According to Green Car Reports, a ZETA (Zero Emission Transportation Association) poll of 1000 US voters revealed that 79% support consumer incentives that help reduce the purchase price of EVs, and 69% of voters support federal, state, and local investments in EV charging infrastructure. The survey also found that one in five American car owners would “definitely choose” an EV as their next purchased vehicle. At the same time, 27% would “strongly consider” an EV—adding up to nearly half of vehicle owners in the poll leaning favorably toward a fully electric as their next vehicle.1

Notwithstanding the fact that EVs create less of a carbon footprint and are proven to be better for the environment and our planet overall, the draw towards the EV and AV doesn’t necessarily stem from that purpose alone. Drivers who feel the need for speed can’t deny the sheer power exploding from the battery pack underneath an EV. Rivian’s R1T pickup truck can hit 0.60mph in 3.0 seconds. Porsche’s Taycan Turbo S jumps the line and hits 0-60mph in 2.6 seconds. Lucid’s Air Dream Edition comes in just under the Taycan at 2.5 seconds, and Tesla’s Model S Plaid hits 0-60mph in a mind-blowing 2.1 seconds.

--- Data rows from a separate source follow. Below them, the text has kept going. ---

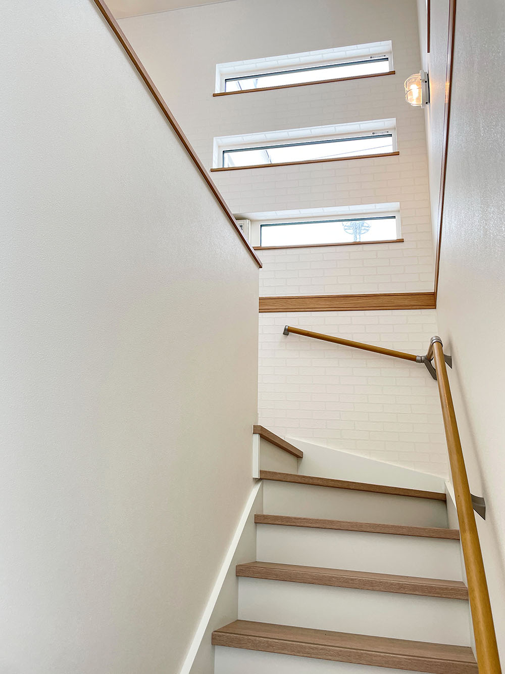 建物は、「家の中も眺めがいい、大収納の中2階 ラピュタ1・1/2」です。中2階はリビング階段。
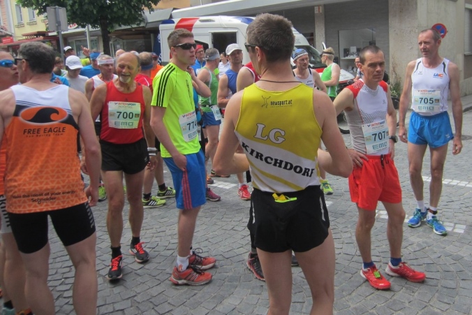 Ich rede kurz mit dem Kollegen aus Linz, der immer einen Schritt voraus sein will. Er hat heuer den Linz-Halbmarathon in 1:57 gefinisht, das ist für einen Sechzigjährigen eine gute Zeit, finde ich. Ob er allerdings heute wirklich zwei Runden laufen würde, wird sich noch zeigen.
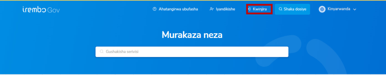 Sura www.irembo.gov.rw hanyuma ukande kuri Injira utangire gusaba iyi serivisi.
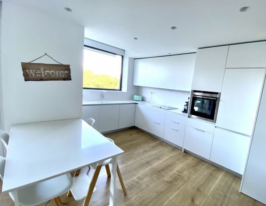 Кухня встроенная, полностью обшита панелями, оборудована современной техникой (NEFF, LIEBHERR и SIEMENS) и мебелью, скрытой вытяжкой с внешним двигателем для лучшего всасывания и снижения шума. Зона для мытья посуды полностью отделана специальными панелями.

Screenwriters and producers may have dreamed up the self-driving vehicle. Still, no movie or cartoon ever anticipated autonomous sedans and electric pickup trucks outperforming the Ferrari Testarossa, Lamborghini Countach, Lotus Esprit, or Chevrolet Corvette. Granted, the Lexus 2054 from Minority Report and the Audi RSQ from iRobot look like sexy sports cars from the 1980s, but we never got to see them compete on the line, and they aren’t real. Ordering a Tesla Model S Plaid or a Porsche Taycan Turbo S is as easy as clicking a few buttons and marking your calendar for arrival. Once you take delivery of one of these true-to-life speedsters, you have a legitimate dragster straight from the poster you hung on the wall as a teen. You can line up on the street next to any modern gasoline-powered sports car, hit the pedal, and watch the reaction on the face of the guy or gal in the driver’s seat of the car that used to be next to you in your rearview mirror.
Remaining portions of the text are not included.